A surface normal is not just a vector, it's a "tensor product" between
two co-planar vectors:
N = du/dt x dv/dt (x=cross product)
where du/dt = unit vector lying along the surface in the
"u" texture direction.
dv/dt = similar in the "v" texture direction.
Picture a grid texture map mapped onti, say, a sphere. The horizontal
lines (u axis) are mapped to concentric circles around the sphere.
The vertical lines (v axis) map to lines that meet at the top and bottom
of the sphere. (Side note: ever tried rotating a grid-type-pattern
texture map before applying it to a sphere? Cool!)

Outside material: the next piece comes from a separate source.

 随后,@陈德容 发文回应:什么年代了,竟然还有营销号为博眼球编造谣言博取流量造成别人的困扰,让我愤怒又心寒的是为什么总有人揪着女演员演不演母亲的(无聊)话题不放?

You can construct unit vectors for du/dt and dv/dt quite easily,
(especially on a ploygon) and the cross product between these is the
surface normal. Now, if you mess around with these du/dt and dv/dt
vectors before calculating the surface normal, you now have a controllable
method of displacing the surface normal w.r.t. a texture map.

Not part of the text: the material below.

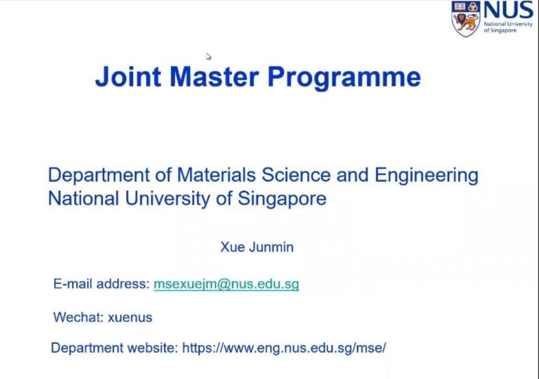 2021年11月30日下午两点半,jn江南通过腾讯会议开展了新加坡国立大学关于“3+2”项目的首次交流会。此次线上交流会议由jn江南李猛副教授主持,邀请到了新加坡国立大学工学部材料公司主管研究生项目的Xue Jun Min教授与有本公司所有意向出国的同学展开交流,帮助同学们深入了解项目,做好提早申请的规划与准备。

Take a height map h[x][y] which is a bitmap with a value for every
pixel that is proportional to the height it represents. You need to
calculate the *change* in height in the u and v directions (I'm assuming
you know the texture (u,v) coordinate for the point you're shading)...
int map_width = 256;
int map_height = 256;
int s = (map_width-2) * u; // u in range 0..1;
int t = (map_height-2) * v; // v in range 0..1;
float du = h[u+1][v] - h[u][v];
float dv = h[u][v+1] - h[u][v];
Plenty of scope for anti-aliasing the sampling here. The "-2" is
because you need -1 for counting from 0, minus another 1 because you will
be accessing h[u+1][u]. These values for du,dv can be used to perterb the
surface normal:
float k = 0.01; // how bumpy the surface is
vector dudt = dudt + N * (k * du); // vector + vector * scalar
vector dvdt = dvdt + N * (k * dv); // vector + vector * scalar
What we've done here is to add a small amount if an upwards direction
to the surface derivitives. Imagine the plane the normal is resting on
being rotated and perterbed. Now recalculate the normal:
N = cross(dudt,dvdt); // cross product
N = renormalise(N); // renormalise to unit vector
There you have a bump mapped normal.